And even with all that, they still produce garbage way too often. If we continue the "car" analogy, the car would crash randomly sometimes when you leave the driveway, and sometimes it would just drive into the house. So you add all kinds of fancy bumpers to the car and guard rails to the roads, and the car still runs off the road way too often.

mgaunard 315 days ago

Except we should aim to reduce the boilerplate through good design, instead of creating more of it on an industrial scale.

patrickmay 314 days ago

I regret that I have but one upvote to give to this comment.

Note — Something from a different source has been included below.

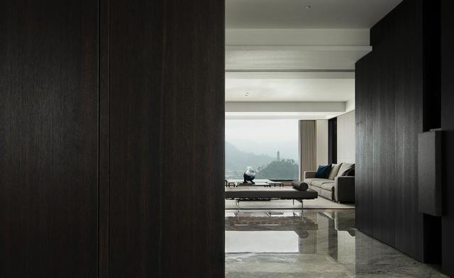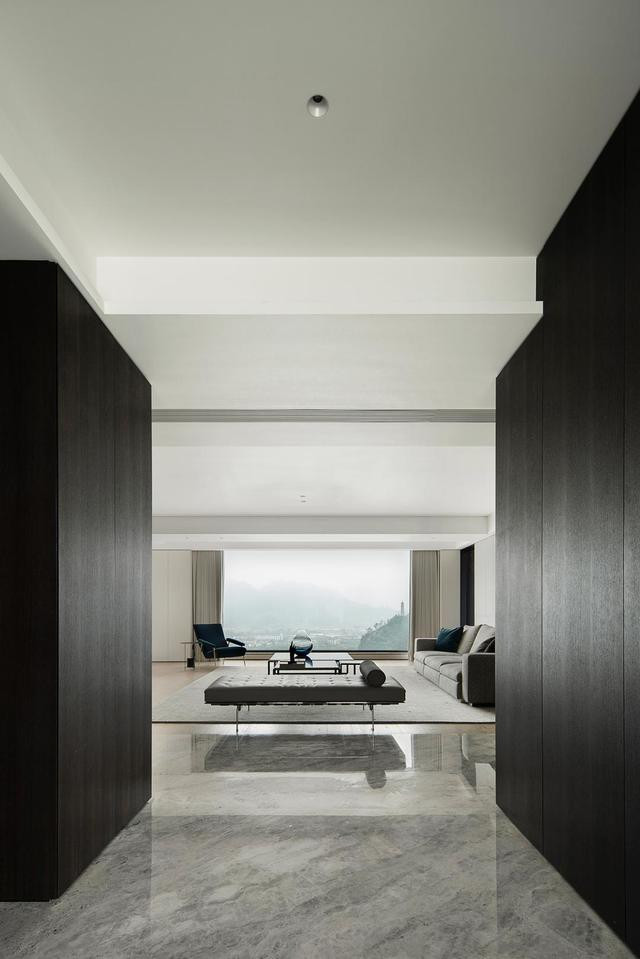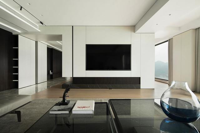 设计师巧妙地将两套大平层打通,形成了一个宽敞通透的生活空间。一进入豪宅,首先映入眼帘的便是那面巨大的落地窗,它将室外的山水美景尽收眼底,仿佛一幅流动的画卷。

Every time someone says "LLMs are good at boilerplate" my immediate response is "Why haven't you abstracted away the boilerplate?"

exe34 315 days ago

what we should and what we are forced to do are very different things. if I can get a machine to do the stuff I hate dealing with, I'll take it every time.

mgaunard 315 days ago

who's going to be held accountable when the boilerplate fails? the AI?

danielbln 314 days ago

The buck stops with the engineer, always. AI or no AI.

mgaunard 314 days ago

I've seen juniors send AI code for review, when I comment on weird things within it, it's just "I don't know, the AI did that"

exe34 315 days ago

no, I'm testing it the same way I test my own code!

oneneptune 315 days ago

yolo merging into prod on a friday afternoon?

skydhash 315 days ago

It's like the xkcd on automation

https://xkcd.com/1205/

After a while, it just make sense to redesign the boilerplate and build some abstraction instead. Duplicated logic and data is hard to change and fix. The frustration is a clear signal to take a step back and take an holistic view of the system.

gibbitz 310 days ago

And this is a great example of something I rarely see LLMs doing. I think we're approaching a point where we will use LLMs to manage code the way we use React to manage the DOM. You need an update to a feature? The LLM will just recode it wholesale. All of the problems we have in software development will dissolve in mountains of disposable code. I could see enterprise systems being replaced hourly for security reasons. Less chance of abusing a vulnerability if it only exists for an hour to find and exploit. Since the popularity of LLMs proves that as a society we've stopped caring about quality, I have a hard time seeing any other future.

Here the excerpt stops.